L37156 Anliegerbeitrag Aufschließungsbeitrag Interessentenbeitrag
Steiermark;
L82000 Bauordnung;
L82006 Bauordnung Steiermark;

Norm

BauO Stmk 1968 §2;
BauO Stmk 1968 §57 Abs1 litb;
BauO Stmk 1968 §58 Abs1 lita;
BauRallg;

Betreff

Der Verwaltungsgerichtshof hat durch den Vorsitzenden Senatspräsident Dr. Draxler und die Hofräte Dr. Würth, Dr. Leukauf, Dr. Giendl und Dr. Müller als Richter, im Beisein der Schriftführerin Mag. Gritsch, über die Beschwerde des N gegen den Bescheid des Gemeinderates der Landeshauptstadt Graz vom 8. November 1990, Zl. A 17-K-6080/1990-1, betreffend Einwendungen gegen ein Bauvorhaben (mitbeteiligte Partei: Buchhandlung X), zu Recht erkannt:

Spruch

Der angefochtene Bescheid wird wegen Rechtswidrigkeit infolge Verletzung von Verfahrensvorschriften aufgehoben.

Die Landeshauptstadt Graz hat dem Beschwerdeführer Aufwendungen in der Höhe von S 11.660,-- binnen zwei Wochen bei sonstiger Exekution zu ersetzen.

Das Mehrbegehren wird abgewiesen.

Begründung

Zur Vorgeschichte wird auf das hg. Erkenntnis vom 6. Dezember 1990, Zl. 90/06/0113, verwiesen. Darin wurde festgestellt, daß die Häuser A-Straße m (Eigentum der Mitbeteiligten) und A-Straße n (Eigentum des Beschwerdeführers) einen gemeinsamen Lichthof aufweisen, der bis in den 1. Stock durch eine Mauer getrennt war.
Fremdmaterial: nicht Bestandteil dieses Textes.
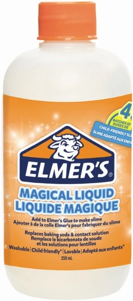 Mischen Sie einfach Magical Liquid, die magische Flüssigkeit von Elmer’s, mit weißem und klarem Kleber, um bis zu vier Einheiten klebrigen PVA-Slimes zu erhalten, mit dem sich hervorragend spielen lässt! Die Herstellung von klebrigem Slime bereitet viel Freude und ist eine Garantie für familienfreundlichen Spaß.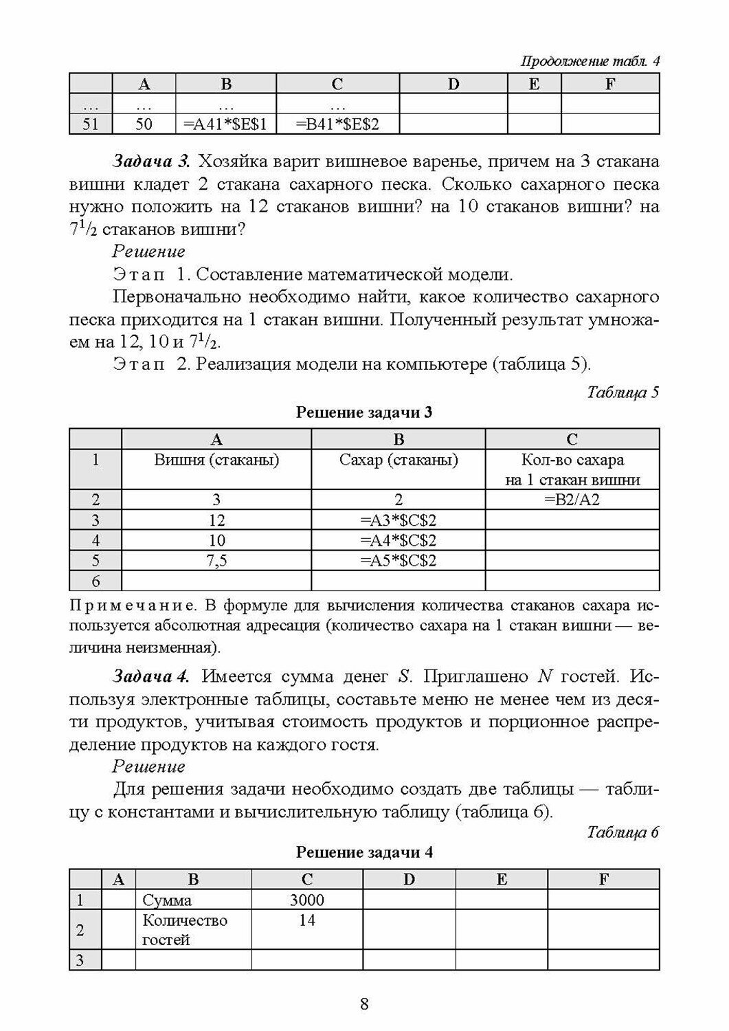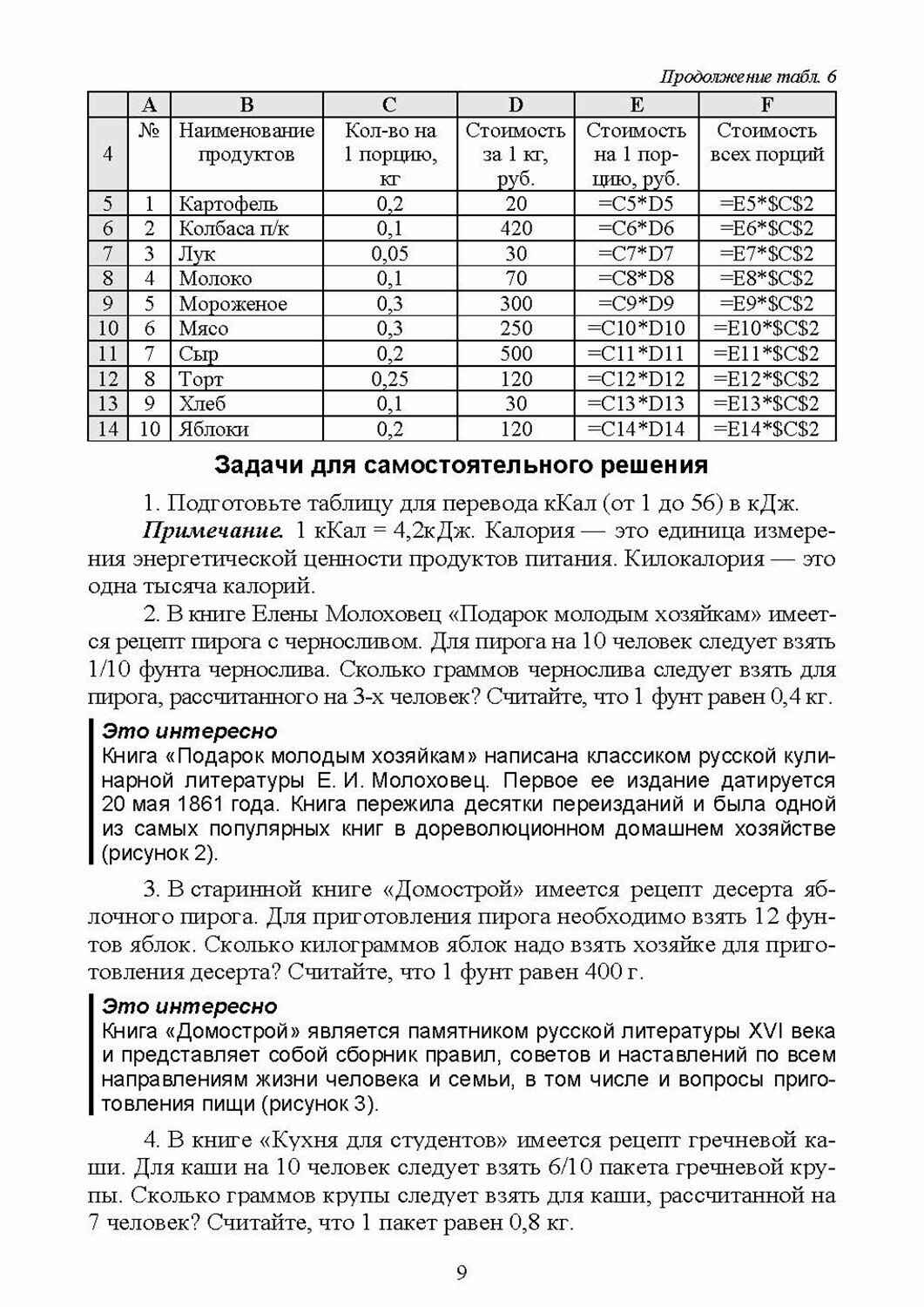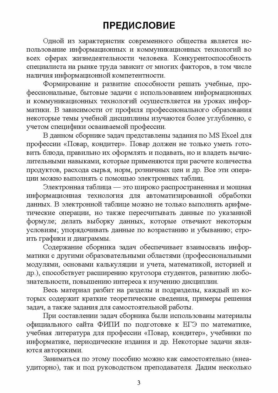 Учебное пособие содержит профессионально ориентированные задачи по информатике. Представлены задания, связанные с технологией обработки информации в электронных таблицах. Цель учебного пособия состоит в активизации и развитии навыков самостоятельной работы студентов. Весь материал разбит на разделы и подразделы, каждый из которых содержит краткие теоретические сведения, примеры решения задач, а также задания для самостоятельной работы. Соответствует современным требованиям Федерального государственного образовательного стандарта среднего профессионального образования и профессиональным квалификационным требованиям. Сборник задач предназначен для студентов СПО, обучающихся по профессии «Повар, кондитер», а также преподавателей информатики и специальных дисциплин.

Im Jahre 1929 soll im Hause A-Straße m im Parterre und im 1. Stock durch den Lichthof je ein Gang zum Osttrakt geschaffen worden sein. Der Fußboden des Ganges im ersten Stock habe aus Luxfergläsern bestanden, die Zierverglasung der Decke soll durch ein schräges Glasdach geschützt gewesen sein. Gegenstand des Erkenntnisses vom 6. Dezember 1990 war die Erteilung einer Baubewilligung an die mitbeteiligte Partei für eine neue Stahlbetondecke und eine Brüstungsmauer im Innenhof im Bereich des zweiten Obergeschoßes gewesen. Der Verwaltungsgerichtshof hat mit dem Erkenntnis vom 6. Dezember 1990 den angefochtenen Bescheid wegen inhaltlicher Rechtswidrigkeit aufgehoben, weil dem Bauansuchen ein Bauplan mit Baubeschreibung, aus dem die für die Bewilligung maßgeblichen Umstände ersichtlich waren, fehlten und die belangte Behörde § 58 Abs. 2 der Steiermärkischen Bauordnung in der Fassung LGBl. Nr. 14/1989 unrichtig ausgelegt hat.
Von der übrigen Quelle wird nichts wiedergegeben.